Figure 14.1 shows the sample data and the population distribution $N (2, 1)$ . Notice that we have an extreme value $- 0.35$ that is two standard deviations below the mean, and this causes the sample mean to be small.

Figure 14.1: Population distribution and sample data.

Well, we could collect a sample again if resources are permitted. In simulation, another sample of size five is drawn from the same population $N (2, 1)$ , and the result is shown below.

x1	x2	x3	x4	x5	sample mean
2.59	2.71	1.89	1.55	2.61	2.27

The second sample mean, $\overset{―}{x} =$ 2.27, is different from the first one. Why do the first sample and the second sample give us different sample means? Now you see why we want to learn sampling distribution. We use sample mean as the point estimator for $μ$ , and the sample mean has its own sampling distribution.
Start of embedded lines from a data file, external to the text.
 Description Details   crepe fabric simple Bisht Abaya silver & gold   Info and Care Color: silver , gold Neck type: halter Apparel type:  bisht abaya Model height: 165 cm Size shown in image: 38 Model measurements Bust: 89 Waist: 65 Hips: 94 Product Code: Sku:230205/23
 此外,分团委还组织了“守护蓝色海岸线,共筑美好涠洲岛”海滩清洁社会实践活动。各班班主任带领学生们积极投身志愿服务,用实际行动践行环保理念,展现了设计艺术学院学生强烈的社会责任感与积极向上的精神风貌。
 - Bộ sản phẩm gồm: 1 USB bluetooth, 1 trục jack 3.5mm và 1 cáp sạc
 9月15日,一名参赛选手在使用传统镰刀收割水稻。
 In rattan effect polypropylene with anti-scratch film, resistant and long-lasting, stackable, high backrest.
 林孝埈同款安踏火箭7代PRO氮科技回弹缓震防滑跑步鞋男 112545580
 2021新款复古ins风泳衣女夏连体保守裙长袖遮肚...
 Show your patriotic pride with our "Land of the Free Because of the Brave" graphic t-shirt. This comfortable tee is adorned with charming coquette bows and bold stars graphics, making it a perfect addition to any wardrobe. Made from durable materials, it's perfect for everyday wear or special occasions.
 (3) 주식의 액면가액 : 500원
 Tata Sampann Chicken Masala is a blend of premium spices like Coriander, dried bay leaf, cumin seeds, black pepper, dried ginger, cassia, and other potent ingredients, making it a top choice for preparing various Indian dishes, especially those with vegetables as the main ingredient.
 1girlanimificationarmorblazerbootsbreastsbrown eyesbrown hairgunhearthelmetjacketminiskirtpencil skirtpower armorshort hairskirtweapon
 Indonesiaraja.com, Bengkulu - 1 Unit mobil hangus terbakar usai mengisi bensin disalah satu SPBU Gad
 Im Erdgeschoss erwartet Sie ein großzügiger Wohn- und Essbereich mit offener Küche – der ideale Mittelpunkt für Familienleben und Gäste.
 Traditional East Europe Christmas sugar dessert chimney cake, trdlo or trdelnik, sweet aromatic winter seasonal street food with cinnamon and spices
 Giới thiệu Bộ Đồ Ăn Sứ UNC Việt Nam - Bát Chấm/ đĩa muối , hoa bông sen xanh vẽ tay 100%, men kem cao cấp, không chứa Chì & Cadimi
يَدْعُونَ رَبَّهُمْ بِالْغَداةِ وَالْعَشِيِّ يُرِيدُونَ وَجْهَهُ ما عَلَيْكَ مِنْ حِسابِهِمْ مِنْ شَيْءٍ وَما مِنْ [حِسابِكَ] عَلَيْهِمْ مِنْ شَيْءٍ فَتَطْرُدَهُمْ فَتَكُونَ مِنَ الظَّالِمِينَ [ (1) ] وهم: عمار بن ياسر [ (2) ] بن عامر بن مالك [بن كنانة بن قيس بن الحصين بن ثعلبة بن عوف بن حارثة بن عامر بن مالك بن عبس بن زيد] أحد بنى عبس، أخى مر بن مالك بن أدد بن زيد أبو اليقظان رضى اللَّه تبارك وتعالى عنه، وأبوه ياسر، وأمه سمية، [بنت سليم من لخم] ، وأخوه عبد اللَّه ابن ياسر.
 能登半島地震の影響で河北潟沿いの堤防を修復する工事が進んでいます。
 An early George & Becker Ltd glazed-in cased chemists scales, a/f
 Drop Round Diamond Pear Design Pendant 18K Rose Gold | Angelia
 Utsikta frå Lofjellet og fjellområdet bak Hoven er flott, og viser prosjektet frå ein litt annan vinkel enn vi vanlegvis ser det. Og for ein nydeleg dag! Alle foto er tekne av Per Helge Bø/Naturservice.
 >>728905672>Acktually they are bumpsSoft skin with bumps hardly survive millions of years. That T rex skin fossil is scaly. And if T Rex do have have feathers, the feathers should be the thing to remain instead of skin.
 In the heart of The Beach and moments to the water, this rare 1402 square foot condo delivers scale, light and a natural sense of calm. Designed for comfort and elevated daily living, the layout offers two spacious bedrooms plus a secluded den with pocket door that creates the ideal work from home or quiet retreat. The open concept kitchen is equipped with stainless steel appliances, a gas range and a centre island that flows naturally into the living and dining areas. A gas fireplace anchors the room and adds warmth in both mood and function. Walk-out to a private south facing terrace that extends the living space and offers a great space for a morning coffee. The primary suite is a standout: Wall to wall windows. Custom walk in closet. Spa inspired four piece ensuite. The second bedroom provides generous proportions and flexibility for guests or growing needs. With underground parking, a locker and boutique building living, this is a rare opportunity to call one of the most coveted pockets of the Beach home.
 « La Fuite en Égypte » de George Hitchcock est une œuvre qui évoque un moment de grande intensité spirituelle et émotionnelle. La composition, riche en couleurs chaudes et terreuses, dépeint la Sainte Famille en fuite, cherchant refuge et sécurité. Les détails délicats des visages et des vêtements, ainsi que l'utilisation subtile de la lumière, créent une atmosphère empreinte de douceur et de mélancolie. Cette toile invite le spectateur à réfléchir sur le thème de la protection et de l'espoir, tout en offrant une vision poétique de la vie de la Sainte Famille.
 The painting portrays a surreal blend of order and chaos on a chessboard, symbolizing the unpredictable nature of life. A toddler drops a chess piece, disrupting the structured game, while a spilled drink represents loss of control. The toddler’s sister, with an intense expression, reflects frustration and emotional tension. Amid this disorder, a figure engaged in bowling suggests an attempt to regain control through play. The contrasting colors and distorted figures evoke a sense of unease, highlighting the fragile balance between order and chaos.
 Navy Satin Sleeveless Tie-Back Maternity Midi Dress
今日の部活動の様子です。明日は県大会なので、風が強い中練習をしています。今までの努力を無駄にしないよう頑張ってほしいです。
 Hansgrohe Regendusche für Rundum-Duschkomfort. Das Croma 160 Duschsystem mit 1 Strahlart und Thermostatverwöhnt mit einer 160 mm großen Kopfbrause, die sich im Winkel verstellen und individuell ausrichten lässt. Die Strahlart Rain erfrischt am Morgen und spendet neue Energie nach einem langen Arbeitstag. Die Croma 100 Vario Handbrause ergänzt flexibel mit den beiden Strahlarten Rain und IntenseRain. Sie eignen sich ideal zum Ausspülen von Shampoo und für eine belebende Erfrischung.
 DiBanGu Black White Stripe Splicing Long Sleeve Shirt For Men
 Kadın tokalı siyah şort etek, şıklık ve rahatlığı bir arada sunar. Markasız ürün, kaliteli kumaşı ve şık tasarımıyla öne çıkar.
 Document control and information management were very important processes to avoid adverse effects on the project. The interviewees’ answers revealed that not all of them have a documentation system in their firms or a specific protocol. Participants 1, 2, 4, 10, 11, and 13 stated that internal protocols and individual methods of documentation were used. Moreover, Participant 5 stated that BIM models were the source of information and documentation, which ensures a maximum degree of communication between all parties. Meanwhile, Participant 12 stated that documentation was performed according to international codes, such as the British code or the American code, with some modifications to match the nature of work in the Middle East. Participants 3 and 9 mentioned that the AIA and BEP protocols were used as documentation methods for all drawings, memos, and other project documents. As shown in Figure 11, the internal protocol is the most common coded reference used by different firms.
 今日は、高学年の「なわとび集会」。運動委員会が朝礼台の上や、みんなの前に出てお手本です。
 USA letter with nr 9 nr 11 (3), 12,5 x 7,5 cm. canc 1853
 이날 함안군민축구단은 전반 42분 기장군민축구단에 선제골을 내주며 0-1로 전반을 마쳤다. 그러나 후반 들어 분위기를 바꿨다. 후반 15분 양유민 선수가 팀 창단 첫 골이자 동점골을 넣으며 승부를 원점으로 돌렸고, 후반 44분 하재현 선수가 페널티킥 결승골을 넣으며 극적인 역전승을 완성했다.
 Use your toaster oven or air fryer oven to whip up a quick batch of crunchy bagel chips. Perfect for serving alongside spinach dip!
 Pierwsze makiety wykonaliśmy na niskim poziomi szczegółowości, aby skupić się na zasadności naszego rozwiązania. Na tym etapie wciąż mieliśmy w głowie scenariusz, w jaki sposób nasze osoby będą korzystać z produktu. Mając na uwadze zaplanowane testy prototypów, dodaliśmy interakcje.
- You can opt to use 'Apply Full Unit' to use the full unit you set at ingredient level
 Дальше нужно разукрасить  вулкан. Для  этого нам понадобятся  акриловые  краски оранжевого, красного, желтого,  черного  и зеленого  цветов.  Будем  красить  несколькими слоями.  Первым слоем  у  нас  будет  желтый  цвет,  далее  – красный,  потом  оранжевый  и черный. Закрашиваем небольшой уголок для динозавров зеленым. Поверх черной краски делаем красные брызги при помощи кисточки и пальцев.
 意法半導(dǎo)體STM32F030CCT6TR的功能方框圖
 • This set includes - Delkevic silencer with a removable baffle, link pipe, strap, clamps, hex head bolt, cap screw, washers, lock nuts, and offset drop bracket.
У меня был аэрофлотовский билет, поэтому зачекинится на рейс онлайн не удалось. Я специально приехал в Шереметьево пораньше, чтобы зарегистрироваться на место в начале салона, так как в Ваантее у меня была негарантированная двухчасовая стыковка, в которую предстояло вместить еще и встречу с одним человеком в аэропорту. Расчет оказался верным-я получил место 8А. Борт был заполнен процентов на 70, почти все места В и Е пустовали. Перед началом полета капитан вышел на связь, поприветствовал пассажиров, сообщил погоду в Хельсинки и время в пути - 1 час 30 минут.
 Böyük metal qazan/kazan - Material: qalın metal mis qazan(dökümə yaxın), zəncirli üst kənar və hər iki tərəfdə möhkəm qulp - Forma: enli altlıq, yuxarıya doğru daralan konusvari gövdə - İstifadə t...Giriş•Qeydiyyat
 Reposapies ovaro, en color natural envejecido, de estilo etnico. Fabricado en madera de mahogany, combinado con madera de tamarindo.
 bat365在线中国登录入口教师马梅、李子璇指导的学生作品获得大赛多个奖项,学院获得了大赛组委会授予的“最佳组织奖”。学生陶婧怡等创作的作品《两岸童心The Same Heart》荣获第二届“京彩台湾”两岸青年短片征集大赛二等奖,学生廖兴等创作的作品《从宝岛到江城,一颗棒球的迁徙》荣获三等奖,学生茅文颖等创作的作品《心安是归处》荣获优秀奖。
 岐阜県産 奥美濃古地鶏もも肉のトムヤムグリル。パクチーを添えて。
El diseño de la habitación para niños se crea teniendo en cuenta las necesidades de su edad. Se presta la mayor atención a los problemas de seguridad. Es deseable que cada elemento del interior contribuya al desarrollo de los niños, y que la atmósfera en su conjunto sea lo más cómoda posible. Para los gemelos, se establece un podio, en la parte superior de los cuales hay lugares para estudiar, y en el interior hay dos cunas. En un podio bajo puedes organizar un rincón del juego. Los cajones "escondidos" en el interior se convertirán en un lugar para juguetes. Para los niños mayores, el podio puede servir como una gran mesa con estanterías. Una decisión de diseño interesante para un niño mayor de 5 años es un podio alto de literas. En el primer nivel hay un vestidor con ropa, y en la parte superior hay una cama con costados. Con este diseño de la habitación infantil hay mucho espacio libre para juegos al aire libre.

Therefore, the sample mean varies from sample to sample due to its randomness nature.

We have connected sampling distribution to statistical inference, in particular the point estimation together. Figure 14.2 shows the sampling distribution of $\overset{―}{X}$ which is $N (2, 1 / 5)$ and the two sample mean values calculated from the two data sets. Now can you see why we want to use $\overset{―}{X}$ as the point estimator for $μ$ ? It is because the expected value of $\overset{―}{X}$ , $E (\overset{―}{X})$ is exactly equal to $μ$ , meaning that if we were able to produces a lot of $\overset{―}{x}$ s, the average of these $\overset{―}{x}$ s will be very close to the true unknown $μ$ although single one $\overset{―}{x}$ may still be distant from $μ$ . When the expected value of a point estimator is equal to the parameter it estimates, we say it is an unbiased estimator. Therefore, the sample mean $\overset{―}{X}$ is an unbiased estimator for the population mean $μ$ because $E (\overset{―}{X}) = μ$ .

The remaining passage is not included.